Armor Plate Your Unit Tests
Unit Testing serves many purposes, but fundamentally it's about bugs: finding them, fixing them, keeping them out of your code base.
This talk is a detailed discussion of how to write unit tests that are good *tests*; that is, unit test cases that are complete, accurate, and thorough. We can think of unit tests as our laboratory equipment for carefully examining our code and measuring a particular property (existence of bugs) with care and precision; or we can think of them as bug-hunting gear that that keeps us safe when we have to venture into the dark and dangerous parts of our code base.
Over the past several decades, the software community has learned, usually the hard way, many principles and best practices for unit testing, but these are documented across a wide variety of books, blogs, and talks. This talk will discuss, summarize, and try to simplify what we have learned about making our unit tests effective at finding bugs, describing them, and removing the little critters from our code base.

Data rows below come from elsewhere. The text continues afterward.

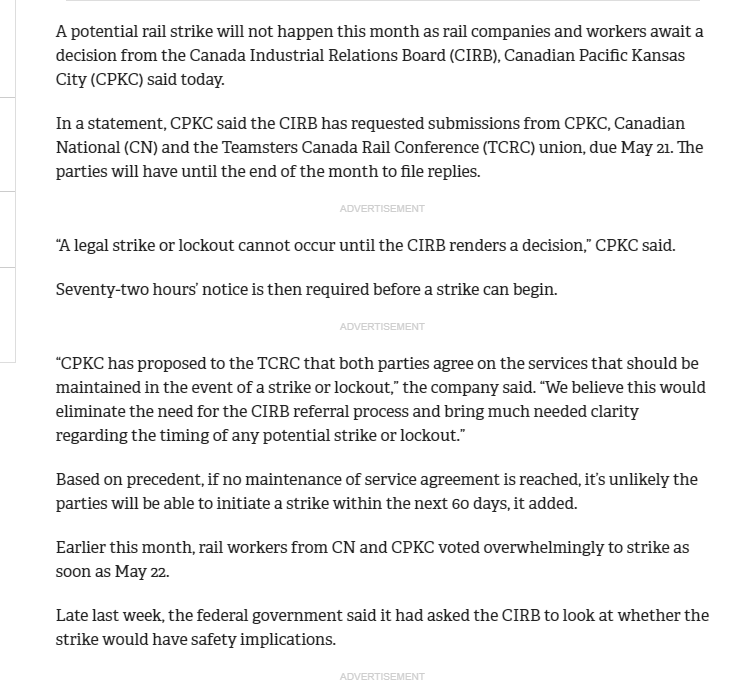 加拿大鐵路最新消息:罷工延遲。由于CIRB還未對(duì)鐵路罷工提案作出決定,本月加拿大鐵路將不會(huì)出現(xiàn)罷工情況。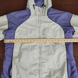 Columbia Women's Size L Hooded Midweight Full-Zip Rain Jacket Purple & Off White
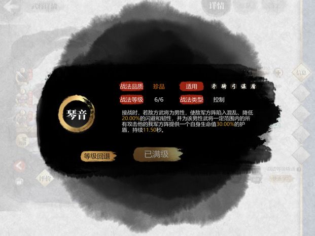 蔡琰战法有2个效果,一是混乱敌军,二是使友军获得护盾。根据侧重点不同,玩法也可分为两种。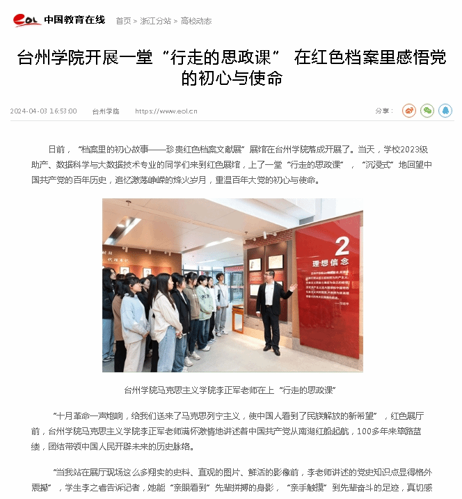 日前,“档案里的初心故事——珍贵红色档案文献展”展馆在台州学院落成开展了。当天,久乐棋牌2023级助产、数据科学与大数据技术专业的同学们来到红色展馆,上了一堂“行走的思政课”,“沉浸式”地回望中国共产党的百年历史,追忆激荡峥嵘的烽火岁月,重温百年大党的初心与使命。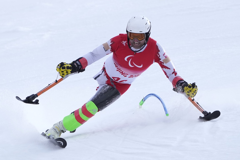 Il polacco Andrzej Szczesny alle Paralimpiadi invernali di Pechino, mentre gareggia nello slalom standing, con due stabilizzatori e un solo sci (AP Photo/Andy Wong)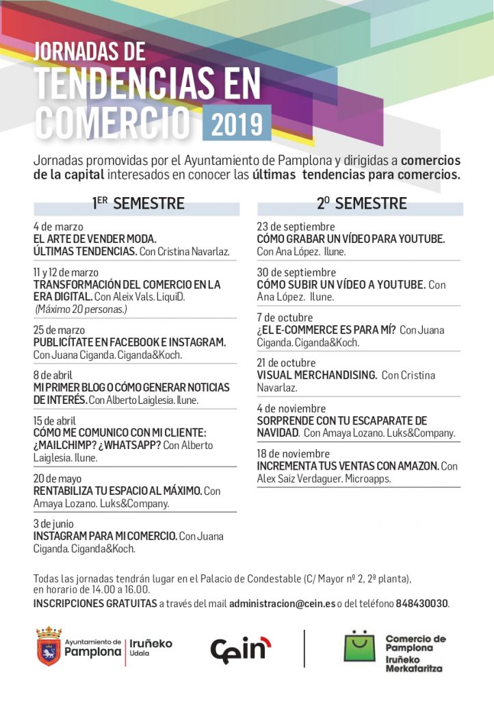 El Ayuntamiento de Pamplona ha promovido para este año, en colaboración con CEIN, 13 jornadas dirigidas a comercios de la capital en las que se van a presentar las últimas tendencias, centrándose principalmente en fomentar la digitalización de sus negocios.

We will look at examples, consider test organization, and get into the nitty-gritty of edge and corner cases. We will also look at a case study of a famously ill-fated debugging expedition, with the goal of learning from their mistakes -- better than learning from your own! -- and, incidentally, (re)introducing some important cultural memes that no bug-hunters should be without.
Dave Steffen
Dave Steffen completed his Ph.D. in theoretical physics at Colorado State University in 2003, and promptly changed course for a career in software engineering. He has worked primarily in defense and aerospace, and is currently a Principal Engineer at SciTec Inc.'s Boulder office. For reasons unknown, he has turned out to be the expert, champion, and occasional street-corner evangelist for unit testing at most of the companies he has ever worked at.